- Pengiriman ratusan kilogram sarang burung walet menuju Vietnam digagalkan di Bandara Kualanamu, Deli Serdang.
- Penyegelan karantina sarang burung walet rusak dan terjadi perubahan jumlah serta jenis barang saat keberangkatan.
- Petugas sedang memeriksa saksi dan terduga pelaku atas temuan kerusakan segel dan perubahan spesifikasi barang tersebut.
SuaraSumut.id - Pengiriman ratusan kilogram sarang burung walet tujuan Vietnam di Bandara Internasional Kualanamu, Kabupaten Deli Serdang, Sumatera Utara, digagalkan.
Ketua Tim Penegakan Hukum BBKHIT Sumatera Utara, Andry Pandu Latansa, menjelaskan bahwa sarang burung walet tersebut sebelumnya telah melalui proses pemeriksaan karantina. Petugas bahkan telah menerbitkan sertifikat karantina dan melakukan penyegelan sebelum dikirim ke luar negeri.
"Namun, dalam perjalanan ke wilayah Bandara Kualanamu segel sarang burung walet itu telah rusak," katanya, melansir Antara, Jumat, 30 Januari 2026.
Pemeriksaan awal yang dilakukan petugas Selasa, 27 Januari 2026, sarang burung walet itu diketahui berubah menjadi 165,53 Kilogram dan jenisnya telah berubah yang sebelumnya terdata 327 Kilogram tujuan Vietnam.

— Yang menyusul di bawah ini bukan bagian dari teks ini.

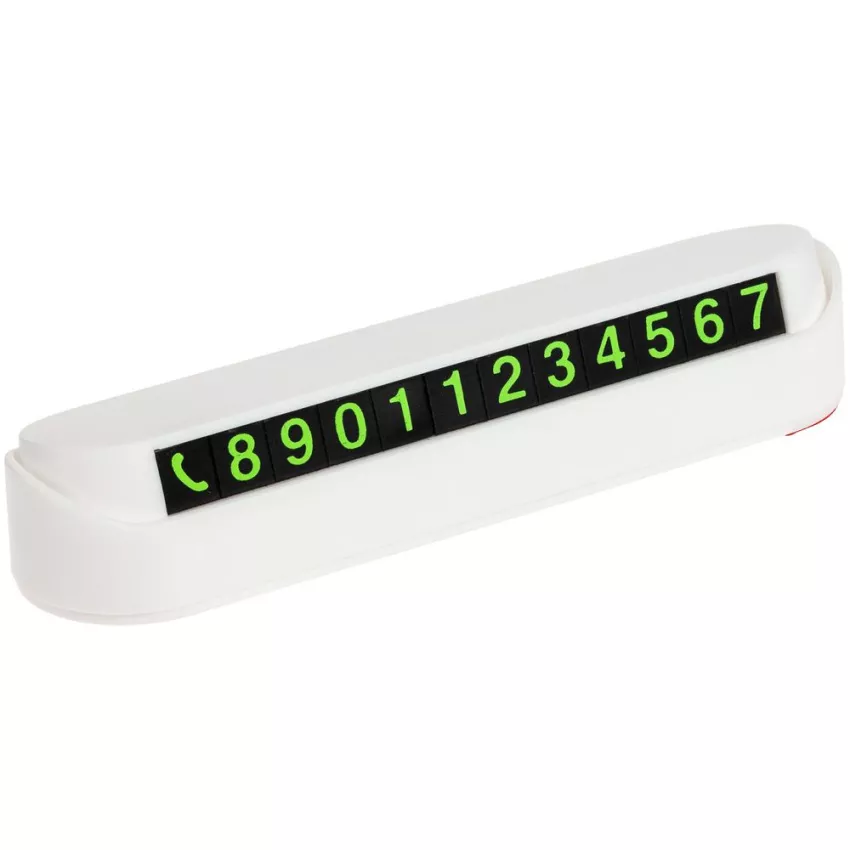 В наборе подставка с клейким основанием и комплект магнитных символов — при изменении номера телефона данные на визитке легко скорректировать.
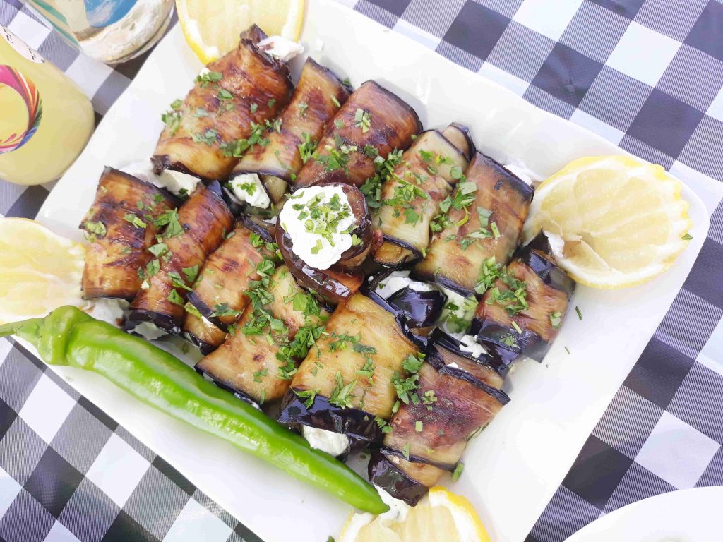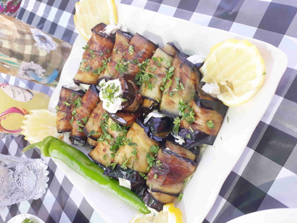 لفائف البيذنجان باللبنه واكواب القرع المحشيه باللحمه المفرومه طيبه وشهيه

Pengungkapan kasus itu bermula dari temuan petugas karantina atas tindakan membuka dan merusak segel karantina tanpa izin yang sebelumnya telah dipasang oleh petugas karantina.
Selain itu, petugas juga menemukan adanya perubahan jumlah dan jenis sarang burung walet dibandingkan dengan barang yang telah diperiksa dan disertifikasi.
Menurut Andry, saat ini seluruh saksi dan terduga pelaku masih menjalani pemeriksaan oleh tim penegakan hukum Karantina Sumatera Utara guna mendalami unsur kesengajaan atau mens rea dalam peristiwa tersebut.
"Apabila terbukti adanya unsur tindak pidana, maka seluruh pihak yang terlibat wajib mempertanggungjawabkan perbuatannya sesuai ketentuan hukum yang berlaku,” katanya.